<<<<

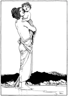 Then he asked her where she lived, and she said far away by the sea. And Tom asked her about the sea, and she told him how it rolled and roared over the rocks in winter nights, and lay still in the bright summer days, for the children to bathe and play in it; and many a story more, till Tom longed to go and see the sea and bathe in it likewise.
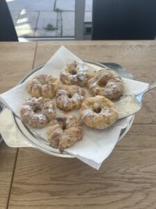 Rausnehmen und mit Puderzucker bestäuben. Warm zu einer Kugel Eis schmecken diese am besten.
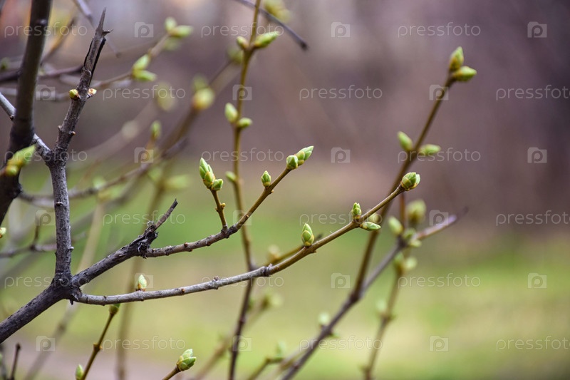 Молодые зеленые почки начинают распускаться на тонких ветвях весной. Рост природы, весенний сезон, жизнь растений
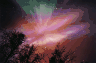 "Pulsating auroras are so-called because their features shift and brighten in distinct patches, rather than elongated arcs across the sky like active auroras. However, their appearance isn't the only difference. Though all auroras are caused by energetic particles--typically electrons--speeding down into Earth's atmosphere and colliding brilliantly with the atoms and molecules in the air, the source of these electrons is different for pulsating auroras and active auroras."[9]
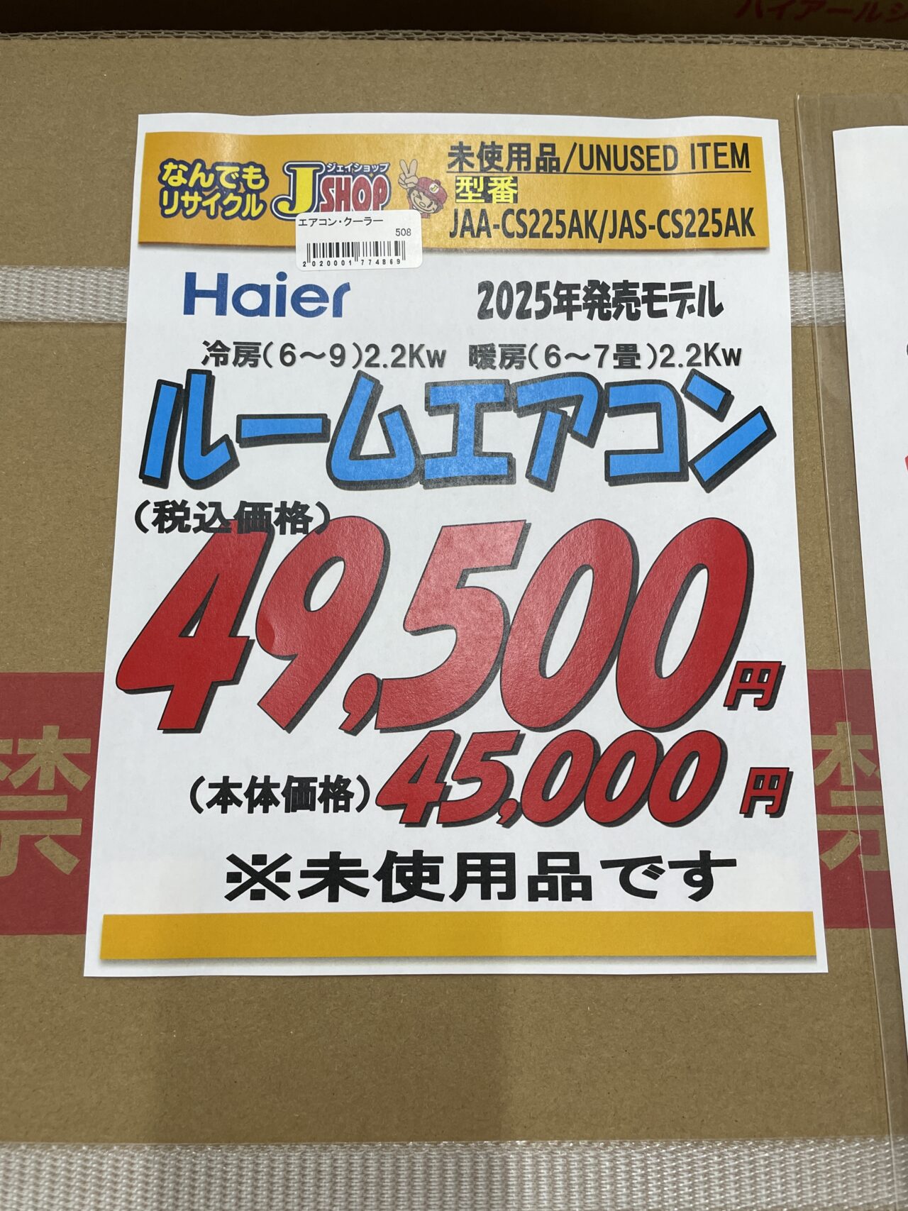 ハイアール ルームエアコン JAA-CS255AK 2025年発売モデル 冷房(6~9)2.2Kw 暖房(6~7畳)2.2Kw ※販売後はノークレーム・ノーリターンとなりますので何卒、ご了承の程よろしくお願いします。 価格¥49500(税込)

>>>>

→ **YOUR INSTRUCTIONS**
Output all of the data above exactly; no pictures should appear.

→ **SOLUTION TO THE PROBLEM**
 Then he asked her where she lived, and she said far away by the sea. And Tom asked her about the sea, and she told him how it rolled and roared over the rocks in winter nights, and lay still in the bright summer days, for the children to bathe and play in it; and many a story more, till Tom longed to go and see the sea and bathe in it likewise.
 Rausnehmen und mit Puderzucker bestäuben. Warm zu einer Kugel Eis schmecken diese am besten.
 Молодые зеленые почки начинают распускаться на тонких ветвях весной. Рост природы, весенний сезон, жизнь растений
 "Pulsating auroras are so-called because their features shift and brighten in distinct patches, rather than elongated arcs across the sky like active auroras. However, their appearance isn't the only difference. Though all auroras are caused by energetic particles--typically electrons--speeding down into Earth's atmosphere and colliding brilliantly with the atoms and molecules in the air, the source of these electrons is different for pulsating auroras and active auroras."[9]
 ハイアール ルームエアコン JAA-CS255AK 2025年発売モデル 冷房(6~9)2.2Kw 暖房(6~7畳)2.2Kw ※販売後はノークレーム・ノーリターンとなりますので何卒、ご了承の程よろしくお願いします。 価格¥49500(税込)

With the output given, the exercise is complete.